Medusa's Story

Описание к видео Medusa's Story

This event took place on the 26th of September 2022. The information below is correct as of the date published.

Join Natalie Haynes as she launches her latest epic retelling of classic myth: Stone Blind, Medusa’s Story, with readings from Lisa Dwan. Natalie is in conversation with Monique Roffey.

Medusa is the only mortal in a family of gods. When she is raped by a god, Medusa is changed forever: turned into a Gorgon with sharp teeth, snakes for hair, and a gaze that turns any living creature to stone.
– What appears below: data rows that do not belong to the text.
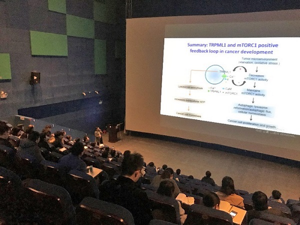 接着董教授以溶酶体和癌症为切入点,向大家介绍了TRPML1下调能抑制乳腺癌(TNBC)细胞的迁移和侵袭能力,靶向抑制TNBC细胞中的TRPML1功能对TNBC肿瘤的生长和转移有显著的影响,TRPML1可能作为疾病治疗的潜在靶点。
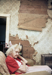 Image shows Ruth Walker, seated on couch in her home that she wants to leave. This home is one of the crumbling homes that fall upon 18 home inspectors. Published in Fort Worth Star-Telegram morning edition December 1, 1985.
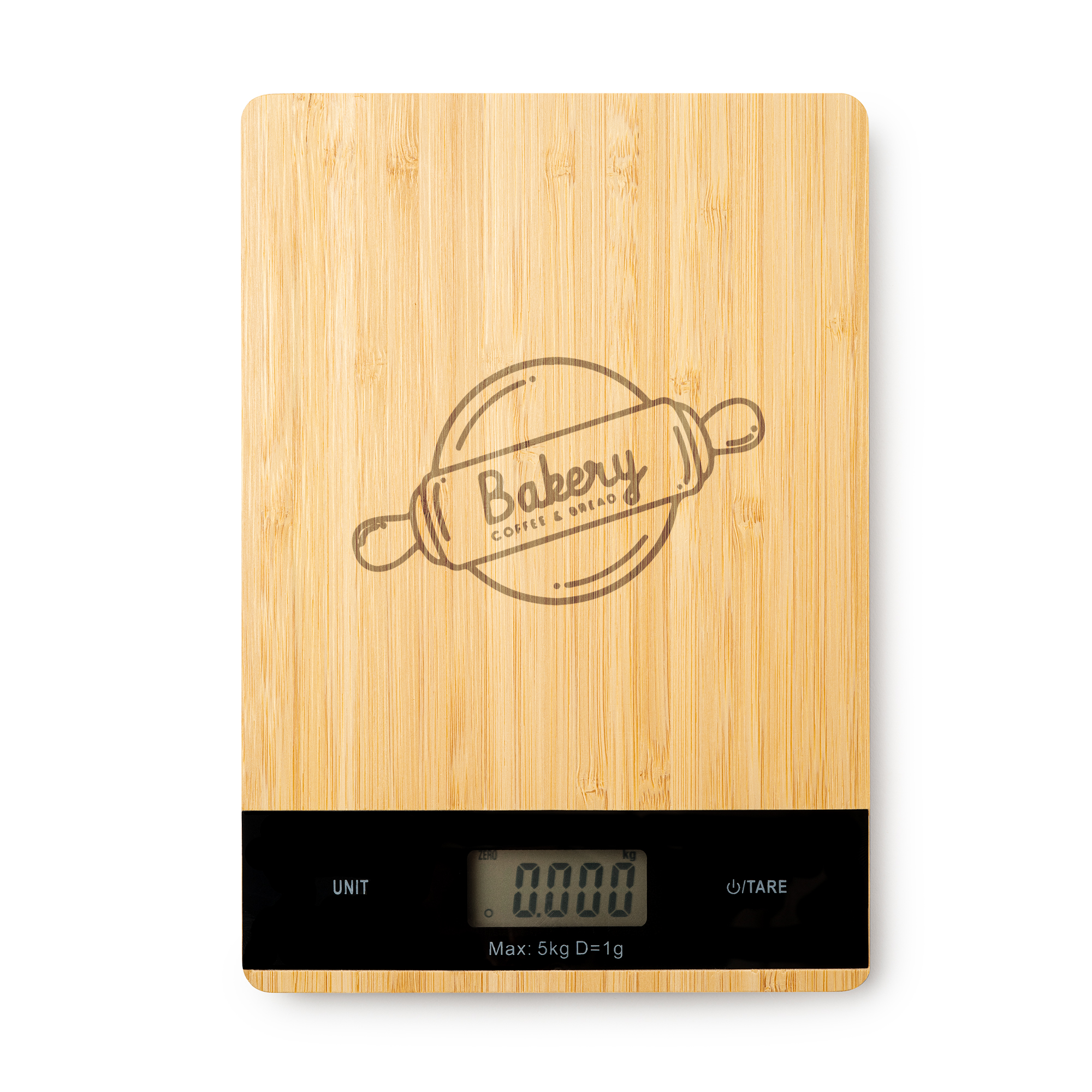 Báscula de cocina digital con carcasa frontal de bambú. Ideal para pesar los ingredientes y los alimentos cuando cocines tus mejores recetas. Con una capacidad máxima de 5 kg. Funciona con una pila incluida.
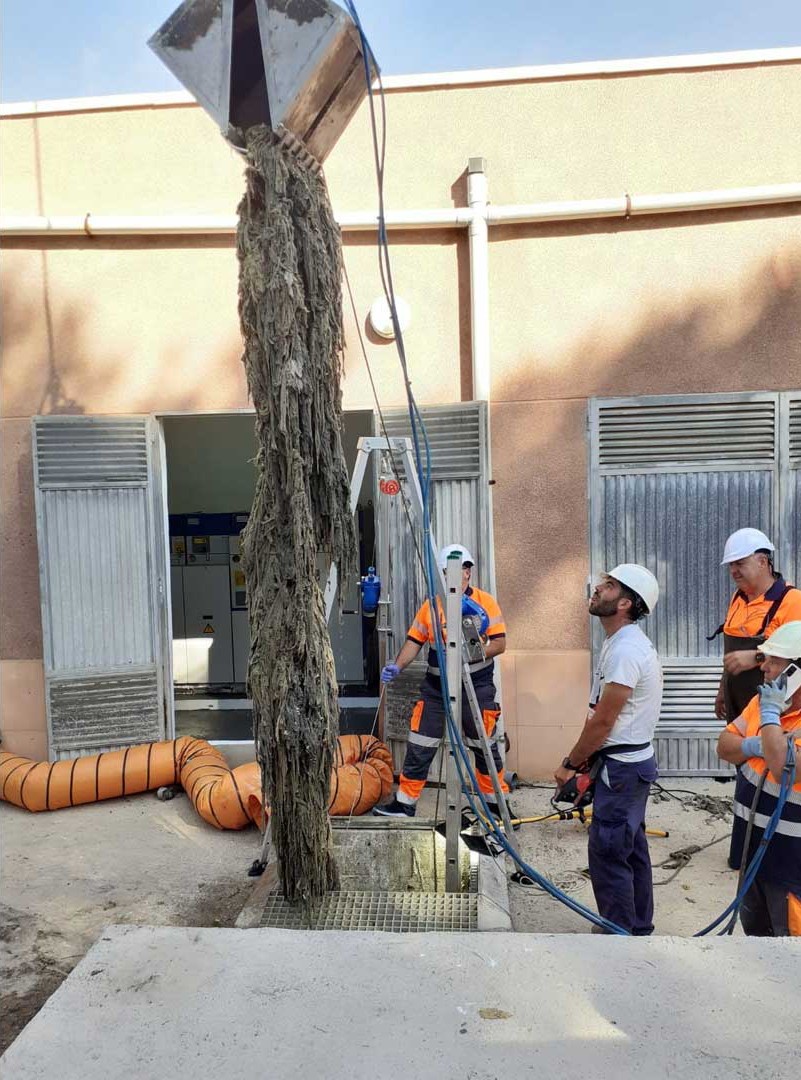 Operarios de Hidraqua llevan varios días desatascando las conducciones de la estación de bombeo de Severo Ochoa

She endures a life of solitude, until Perseus embarks upon his fateful quest to fetch the head of a Gorgon...

From the Women’s Prize-shortlisted author of A Thousand Ships, this is the story of how a young woman became a monster. And how she was never really a monster at all.

Natalie Haynes is a writer and broadcaster and – according to the Washington Post – a ‘rock star mythologist’. Her previous books are The Amber Fury, The Ancient Guide to Modern Life, The Children of Jocasta, A Thousand Ships (shortlisted for the Women's Prize for Fiction) and Pandora's Jar: Women in the Greek Myth. Six series of her show, Natalie Haynes Stands Up for the Classics have been broadcast on Radio 4: all are available on BBC Sounds.
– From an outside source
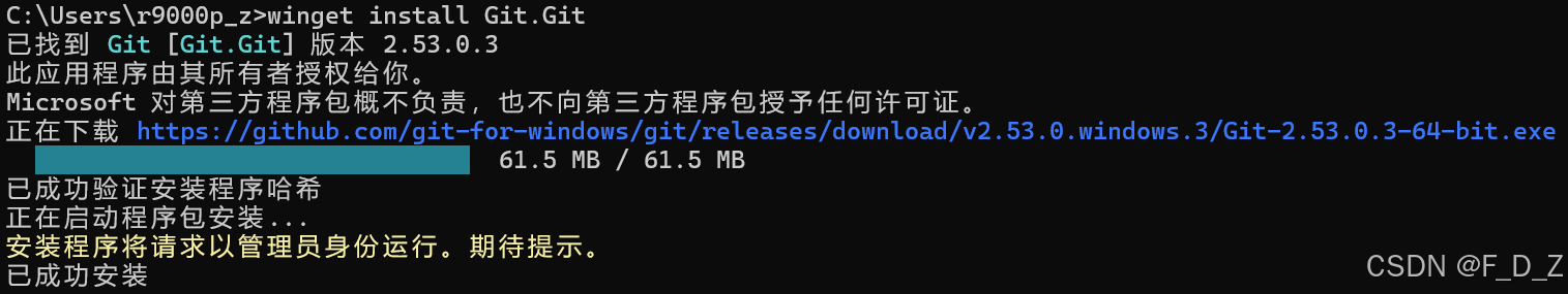 首先使用系统自带的包管理器 winget install Git.Git 安装 Git 版本 2.53.0.3,因为Claude Code 使用Git Bash来执行命令,所以需要先行安装Git。
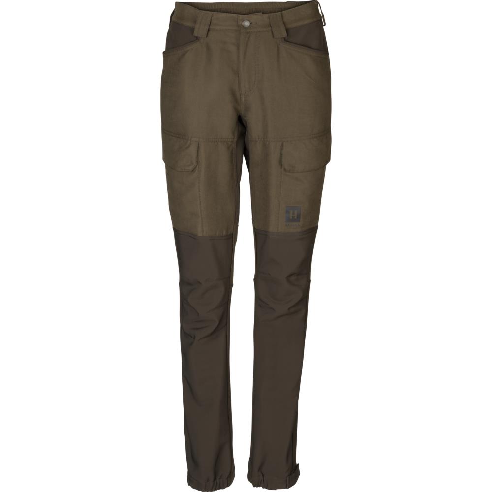Le pantalon Scandinavia pour femme est un pantalon Harkila de coloris kaki et marron, spécialement conçu pour les chasseresses passionnées. Fabriqué à partir d'un mélange de coton et de polyester, ce pantalon est à la fois silencieux et confortable. Il sèche rapidement et présente une coupe active, avec une ceinture élastique et des panneaux extensibles pour une grande liberté de mouvement. Ses caractéristiques pratiques incluent des zips de ventilation, des poches spacieuses sur les cuisses avec fermetures magnétiques silencieuses, et une doublure en polaire légère, offrant un confort exceptionnel pour les activités de plein air.

Monique Roffey FRSL is an award winning Trinidadian born British writer of novels, essays, literary journalism and a memoir. Her most recent novel, The Mermaid of Black Conch, (Peepal Tree Press) won the Costa Book of the Year Award, 2020, and was nominated for eight major awards. Her other Caribbean novels are The White Woman on the Green Bicycle and House of Ashes. Archipelago won the OCM Bocas Award for Caribbean Literature in 2013. She is a co-founder of Writers Rebel within Extinction Rebellion, and Professor of Contemporary Fiction at Manchester Metropolitan University.

Lisa Dwan is an Irish performer and writer. She stars in the Top Boy and Bloodlands series, and her theatre work includes a one-woman production of her adaptation of Samuel Beckett’s No’s Knife. Dwan writes and teaches on theatre, culture, gender, and Beckett. She is a visiting professor at Princeton University, and was artist in residence at Columbia University, where she developed a new theatre piece with Margaret Atwood based on Medea.